Vikings face financial decisions on defense
EDEN PRAIRIE, Minn. — What is the price of leadership?
It's a question Minnesota Vikings general manager Rick Spielman has likely been asking himself over the past month since Minnesota's season ended in the first round of the playoffs.
Spielman tried to demonstrate just how tough those decisions can become when he gathered with reporters in January, just after the Vikings' season ended with a 10-6 record and a surprise run to the playoffs. Naming one reporter as an example, Spielman said, "(He) may be a great leader and a locker room guy, but to pay him $10 million a year to go out and play linebacker for us, even though he may be a great guy in the locker room, that's kind of extreme."
And that is what Spielman is dealing with right now.
Even before the Percy Harvin situation took on added life this week, Minnesota already had a laundry list of items to consider before free agency begins in March.
The Vikings would like to re-sign some key free agents such as right tackle Phil Loadholt and fullback Jerome Felton. The draft, again, will be important for a young team looking to develop sustained success. Add in the reported issues with Harvin, and the need to either sign him to a long-term contract, trade him before he enters the final season of his rookie deal or face an ugly holdout, and Spielman has a busy month ahead of him.
As Spielman faces those tasks, an underlying theme for the Vikings is the status of its defense. Minnesota was the seventh-youngest team in the NFL last year, but its defense is aging and costly. With Spielman focused on keeping his team young, he's likely looking at a defense that is anything but, at least when it comes to the key components.

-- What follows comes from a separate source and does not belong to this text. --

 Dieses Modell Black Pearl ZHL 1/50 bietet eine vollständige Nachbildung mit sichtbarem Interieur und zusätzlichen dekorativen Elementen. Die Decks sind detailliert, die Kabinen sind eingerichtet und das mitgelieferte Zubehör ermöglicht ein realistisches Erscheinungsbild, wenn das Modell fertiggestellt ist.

Five of the team's top six salaries go to defensive players. Of players currently signed for 2013, the defense has five of the team's seven players who will be at least 30 years old when the season begins. Yet those players are considered important leaders for the Vikings.
Cornerback Antoine Winfield proved his importance in 2012 after missing much of the previous year. Winfield, who will be 36 when the 2013 season starts, has one year remaining on his contract and is due $7.25 million after racking up 109 tackles, 1.5 sacks, three interceptions last season.

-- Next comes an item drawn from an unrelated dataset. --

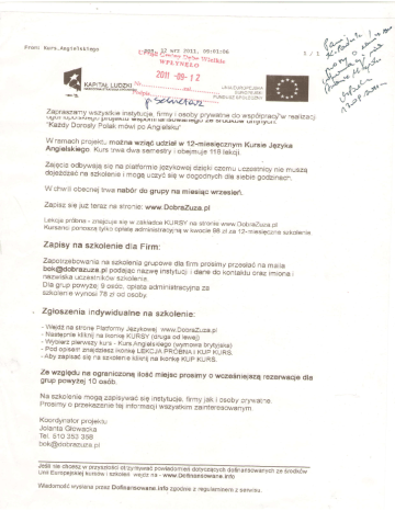 From: rqq"g|' projekrr.r moznawziqcudziafvvl2-miesigcznym S KursieJqzyka AngielskiegoKurstrwadwasemestry i obejmuje rrii|ir<cji. Zajgcia odbywajq s,ienaplatformie jgzykowej dzigkiczemuuczestnicy niemuszq doje2dza0 naezkolenie i mogquclri iiq w cogoanv.n cir siebiegodzinach. wchwiliobecnej truva nabSrdo grupyna miesiqcwrzesieri. Zapiszsiqjuz teraznastronie: wufs/-. DobraZuza.pl prdbna'znajduie siqw zakradce KURSyna stroniewrrvw lStcja DobraZuza.pl Kursanci ponoszqtylkooplatqadministracyj"q * r.*""i" 6;i;* 12-miesigczne szkolenie. Zapisynaszkolenie dla Firm: Zapotrzebowania na szkorenia grupowedlafirmprosimy przesfacna maila -kontatrtu [email protected] nalwq instytucjii danedo orazimionai nazwiska uczestn ikowszkolenia. g osoo,opiataadministractlinaza Dlagruppowyze1 szkolenie wynosiZgzf od osoby. Zgloszeniaindywidualne na szkolenie: - ne stronQplatfornryJqzykowej rnnrvw. DobraZuza.pt $/etUZ ' -,f3lgenie kliknij naikonkqxiJnSy1drrg"oorewep pieru.rszy ku"s- KursAngiets,<ielo brytyjska) lwymowa - !/Vfierz Pcdopisenznajdziesz iKonkQ (Lns. lircln FnoeNn i KUp -,Abyzapisac sienaszkolente t<tit<nij na ikonkeKUpKURS. Ze wzglgduna ograniczonqilo$cmiejscprosimyo wczeEniejszq rezeryacjedla grup po$rytej10 os6b. Na szkolenie mogqzapisywac sig instytucje, firmyjak i osobyprywatne, Frostmy o przekazan ie tet informic1i i*ry"tXi r rui'n:i*,"uo*anym. Koordyhator projektu JolantaGlowacka Tet.510353358 bok@dobrazuza pi JeSliniechcesz r prz '*erdi uniiEuropejskiej kursowi szkolef nl - ""ru oorinuniil;;;.inr. llviadomodc wirsianaBvez Dofinansowane.info zgodniez reguraminem z semrisu.

"He's defied the odds," Spielman said. "There are guys that come through that somehow defy the odds. I have a study there on saying cornerbacks at ‘X' age aren't going to be able to perform to their same level. But he's been an exception to that rule."
The longest-tenured Vikings player is defensive tackle Kevin Williams, who just finished his 10th season with the team. Williams is still a solid veteran in the middle of the defensive line, but he doesn't make the every-game impact he once did. Williams, who will be 33 when next season begins, has two years remaining on contract at $7 million per season.
"The intangibles in this is a big deal when you're trying to get the locker room the way you want it, and both Antoine and Kevin are guys who've achieved a lot of success in our league, a lot of success," coach Leslie Frazier said at his season-ending press conference. "There's no question about it; would love to have those guys on our team going forward. That's something that we're going to talk about when we have our personnel meetings with Rick and the personnel department, and just talk about their fit going forward."
Defensive end Jared Allen is one year removed from being the runner-up in Defensive Player of the Year voting. Playing through a shoulder injury, Allen still led the team last season with 12 sacks. But Allen, who will be 31 when the season starts, carries a $17.06 million cap number. Even linebacker Chad Greenway ($8.7 million cap number) and defensive end Brian Robison ($6.67 million) will be 30 years old next season.
"There's a lot of value to that leadership and a lot of value to the character," Spielman said. "And again, when you go through the whole process and start putting the pieces together, are there ways to keep them there? Should we keep them there? Do we try to renegotiate? Do you let them play out their deal? So there are a lot of different ways, and those are the decisions that we are going to have to make. But you still have to go out there and perform and play."